Mungkin dalam hidup dan bekerja ini kita harus menghadapi rekan yang bermasalah dan kita cenderung untuk menghindari atau menyingkirkannya, tetapi jangan-jangan kita sendiri juga orang yang bermasalah. Maka marilah kita dengan rendah hati mawas diri: (1) sekiranya kita sendiri adalah orang bermasalah marilah bertobat dan memperbaharui diri dan (2) jika ada rekan kita yang bermasalah marilah kita bantu untuk bertobat atau memperbaharui diri.
(1) Siapakah aku ini? Menanggapi pertanyaan ini perkenankan saya mengutip pernyataan para Yesuit yang berkumpul dalam suatu pertemuan khusus, Konggregasi Jendral, sebagai berikut : “Yesuit ialah orang yang mengakui dirinya pendosa, tetapi tahu bahwa dipanggil menjadi sahabat Yesus seperti Ignatius dahulu; Ignatius minta kepada Santa Perawan Maria,’agar menempatkan dia di samping Puteranya’, dan kemudian Ignatius melihat Bapa sendiri minta kepada Yesus yang memanggul Salib, agar menerima si musafir ini dalam kalangan sahabatnya” (Kong Jeng 32 no 2.1). Kita adalah musafir-musafir, orang-orang yang berada di dalam perjalanan, penuh kekurangan dan kelemahan, namun demikian karena kemurahan hati dan kasih pengampunan Tuhan boleh menjadi sahabat atau saudara Yesus serta berpartisipasi untuk memanggul SalibNya dengan memanggul salib kehidupan kita masing-masing. Bertobat dan memperbaharui diri merupakan salib kehidupan, demikian juga membantu atau memberi kesempatan orang lain untuk bertobat dan memperbaharui diri. Sekali lagi ingatlah bahwa salib adalah jalan kehidupan dan keselamatan sejati.
(2) Pada umumnya kita semua memiliki kecenderungan untuk lebih melihat kekurangan dan kelemahan daripada kelebihan dan kekuatan sesama kita. Jika kita memang melihat kekurangan dan kelemahan sesama kita marilah kita, dengan semangat petani yang merawat tanamannya yang terserang hama penyakit, membantu pertobatan dan pembaharuan hidup mereka dengan memberi kesempatan dan kemungkinan. Apa yang dikerjakan oleh para petani terhadap tanaman yang terserang hama penyakit tidak lain adalah merawatnya, entah dengan menggemburkan tanah, menyiram, memupuk atau mengobati. Keutamaan-keutamaan yang dibutuhkan dalam merawat tanaman rasanya senada dengan merawat bayi, orang tua atau mereka yang sedang sakit. Untuk merawat dengan baik rasanya perlu dijiwai oleh kasih dan kasih itu tidak lain adalah “ sabar; murah hati; tidak cemburu, tidak memegahkan diri dan tidak sombong, tidak melakukan yang tidak sopan dan tidak mencari keuntungan diri sendiri, tidak pemarah dan tidak menyimpan kesalahan orang lain, tidak bersukacita karena ketidakadilan, tetapi karena kebenaran., menutupi segala sesuatu, percaya segala sesuatu, mengharapkan segala sesuatu, sabar menanggung segala sesuatu” (lihat 1Kor 13:4-7)

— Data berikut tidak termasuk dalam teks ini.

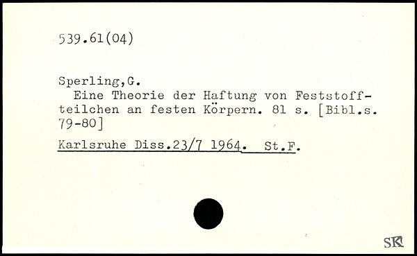 Eine Theorie der Haftung von Feststoffteilchen an festen Körpern.
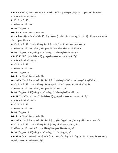 Câu 11. Truy tố bị can ra trước tòa là hoạt động tư pháp của cơ quan nào dưới đây?
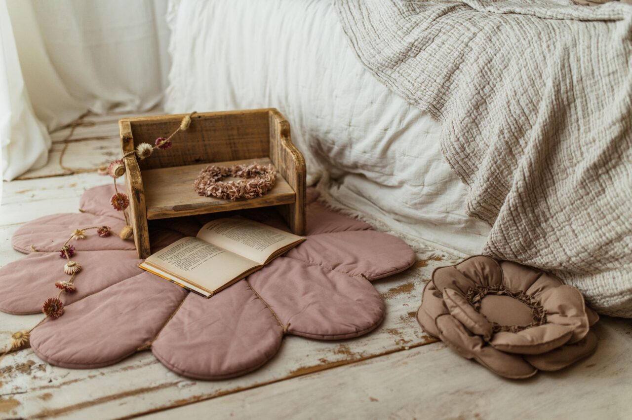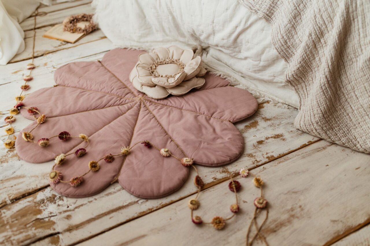 Różowa mata kwiat bawełniana do zabawy dla dzieci
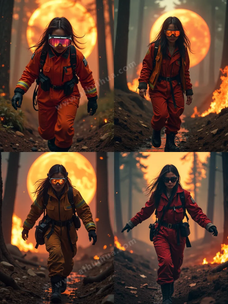 AI Prompt In the dystopian Cyberpunk urban landscape of Forest Hell (2025), a striking ultra-maximalist portrait captures the tense moments of a mysterious Caucasian female forest firefighter. Her loose black hair and black eyes convey her determination to jump through the flames, and she wears goggles that reflect a breathtaking forest scene. The goggles showed a vibrant background of towering trees and a bright sky, while the man's face remained partially blurred, revealing only their lips and nose. The background is a glowing orange sphere, like fireflies or light particles, creating a mysterious and wonderful atmosphere. Wearing fire suit and combat boots. Amid the downpour of a raging forest fire, she navigated the crumbling environment gracefully and nimbly, like a tree falling ominously behind her. The chaotic background presents an atmospheric cityscape, with ashes and ashes swirling in the burning forest. 8K resolution and complex details create a stunning immersive movie experience. The protagonist's bold and otherworldly dress stood out in the contrasting rain and scorching environment --ar 3:4 中文大意:在《森林地狱》(2025)中反乌托邦的赛伯朋克城市景观中,一幅引人注目的超极大主义肖像画捕捉到了一位神秘的高加索女性森林消防员的紧张时刻。她松散的黑发和黑色的眼睛传达了她在火焰中跳跃的决心,她戴着护目镜,反映了一幅令人叹为观止的森林场景。护目镜显示了高耸的树木和灿烂的天空的充满活力的背景,而这个人的脸仍然部分模糊,只露出了他们的嘴唇和鼻子。背景是发光的橙色球体,像萤火虫或轻粒子,营造出一种神秘和奇妙的氛围。穿着消防服和战斗靴。在狂暴的森林大火的倾盆大雨中,她优雅而敏捷地驾驭着摇摇欲坠的环境,就像一棵树不祥地倒在她身后。混乱的背景呈现出一幅大气的城市景观,灰烬和灰烬在燃烧的森林中旋转。8K分辨率和复杂的细节创造了令人惊叹的身临其境的电影体验。主人公大胆、超凡脱俗的着装在对比强烈的雨和灼热的环境中显得格外突出 --ar 3:4 查看更多二次元/卡通/动漫/游戏 |
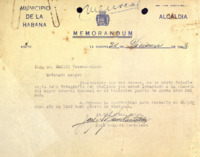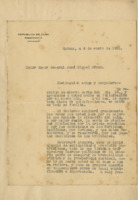 Carta mecanuscrita en la cual Menocal agradece a José Miguel Gómez por los votos a favor de la prevención con respecto a la unificación de las fuerzas políticas en el interés común de asegura la tranquilidad pública y la prosperidad nacional.
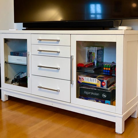 Mediamöbel från Bolia i lackerad fanér på mdf.
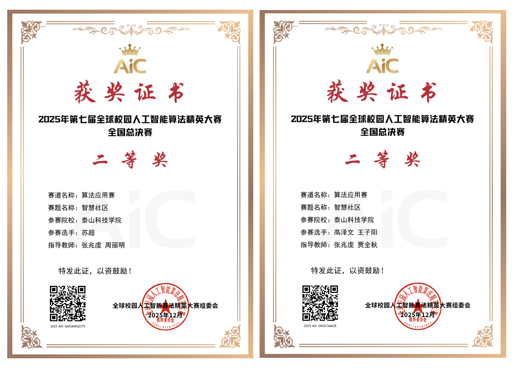 为推进产教协同育人、强化学生创新实践能力,持续推进学校“教育教学三提三创”主题年活动。近日,全球校园算法精英挑战赛全国总决赛成绩正式揭晓。我校大数据学院组织指导的两支学生团队表现优异,荣获全国二等奖2项,充分展现了泰科学子扎实的专业功底、出色的算法应用能力与高效的团队协作精神,为学校赢得了荣誉。
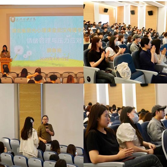 武传新闻网讯(通讯员 心理中心刘丽)4月12日下午,由湖北省卫生健康委、省教育厅主办,阳光心理健康服务公益基金承办的“阳光心理课堂”走进伟德bv1946官网,武汉科技大学心理健康教研室主任、硕士生导师、中国心理学会注册心理师薛春艳教授为我们学生作了“情绪管理与压力应对”的专题讲座。讲座由我们心理健康教育中心主任李霞主持,心理中心老师和全校部分心理委员参加了本次讲座。

“Dan janganlah bersungut-sungut, seperti yang dilakukan oleh beberapa orang dari mereka, sehingga mereka dibinasakan oleh malaikat maut” (1Kor 10:10)
Menghadapi tantangan atau hambatan atau yang tidak berkenan di hati pada umumnya orang dengan mudah atau cenderung menggerutu, ngrumpi, bersungut-sungut dst..sampai marah-marah. Cara bertindak macam itu hemat saya sungguh tiada gunanya, pemborosan, buang tenaga yang tidak perlu. Orang marah misalnya membutuhkan tenaga 200 kalori dan untuk mengembalikan seperti semula butuh tenaga yang sama 200 kalori, maka begitu banyak buang tenaga dengan sia-sia. Bahkan mereka yang suka menggerutu, ngrumpi, bersungut-sungut …sampai marah pada umumnya sudah terhukum dengan sendirinya antara lain ia akan terisolir atau dijauhi oleh sesamanya, bertambah kenalan berarti bertambah musuh yang siap untuk ‘membinasakannya’.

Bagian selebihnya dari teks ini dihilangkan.